Utility for production of massaged products of selected wild boar muscles originating from wetlands and an arable area.

Meat Sci

Department of Meat Science, Faculty of Food Sciences and Fisheries, West Pomeranian University of Technology in Szczecin, Kazimierza Królewicza St. 4, 71-550 Szczecin, Poland.

Published: July 2010

Percentages of muscle fibre types, area of intramuscular fatty tissue (IMF) and changes in hardness, rheological properties as well as mean fibre cross-sectional area (CSA), and endomysium thickness of muscles from wild boars hunted in two different ecosystems (arable area vs. wetlands) were evaluated. Three muscles: Biceps femoris (BF), Semimembranosus (SM), and Longissimus (L) subjected to massaging (or not) for 4h were studied. Fibre type percentage and structural elements: mean muscle fibre cross-sectional area (CSA), endomysium thickness, and amount of intramuscular fat (IMF) were measured using a computer image analysis programme. Fibre properties of muscles from wild boars originating from arable areas did not differ from those of wild boars from wetlands. Muscles of wild boars hunted in the arable area of the forest contained significantly higher amounts of intramuscular fat and lower values of hardness, viscous and elastic moduli than the corresponding muscles of animals from the marshy area.
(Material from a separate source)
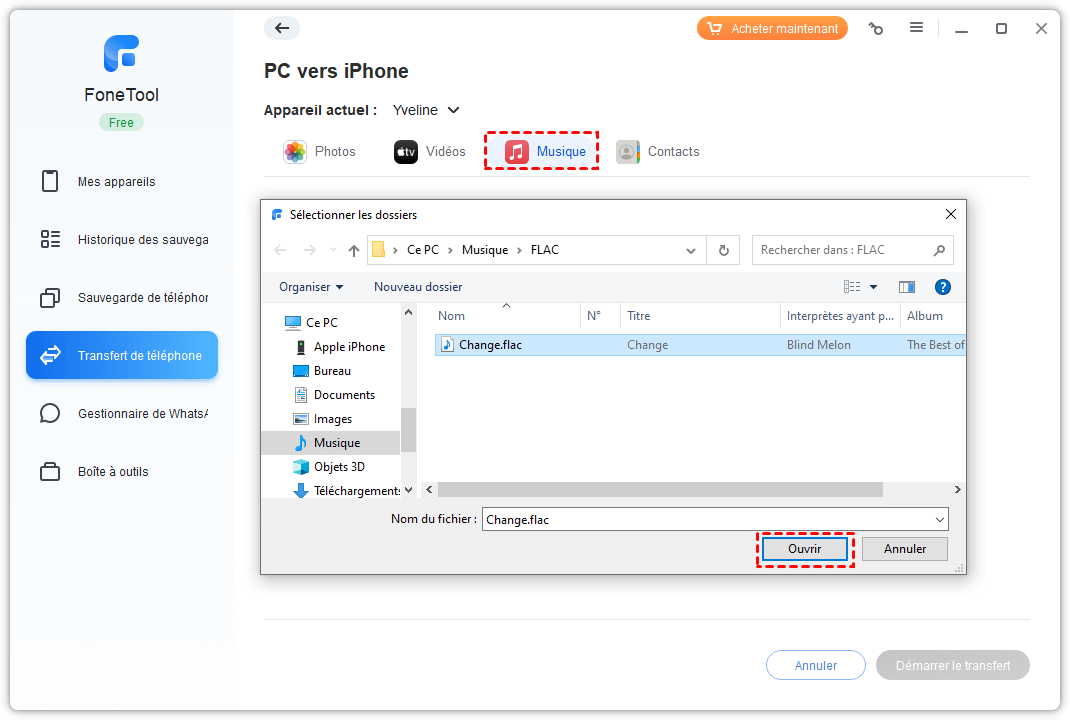 Étapes pour transférer la musique de l'ordinateur à l'iPhone avec FoneTool :

Of the muscles tested, BF with its higher percentage of red fibres and fibre CSA, thicker endomysium and lower amount of IMF compared to SM and L muscles, was tougher and more elastic and viscous than the other two muscles. Muscle massaging resulted in an increase in the fibre CSA and decrease in thickness of the endomysium and as a consequence reduced hardness and augmented the viscous and elastic modules of the muscles. Muscles with higher amounts of intramuscular fat, lower values of textural parameters and percentage of red fibres as well as smaller structural elements showed higher susceptibility to massaging. Muscles from animals hunted on wetlands compared to those from wild boar shot on the arable land and BF compared to SM and L, were slightly less susceptible to mechanical tenderization.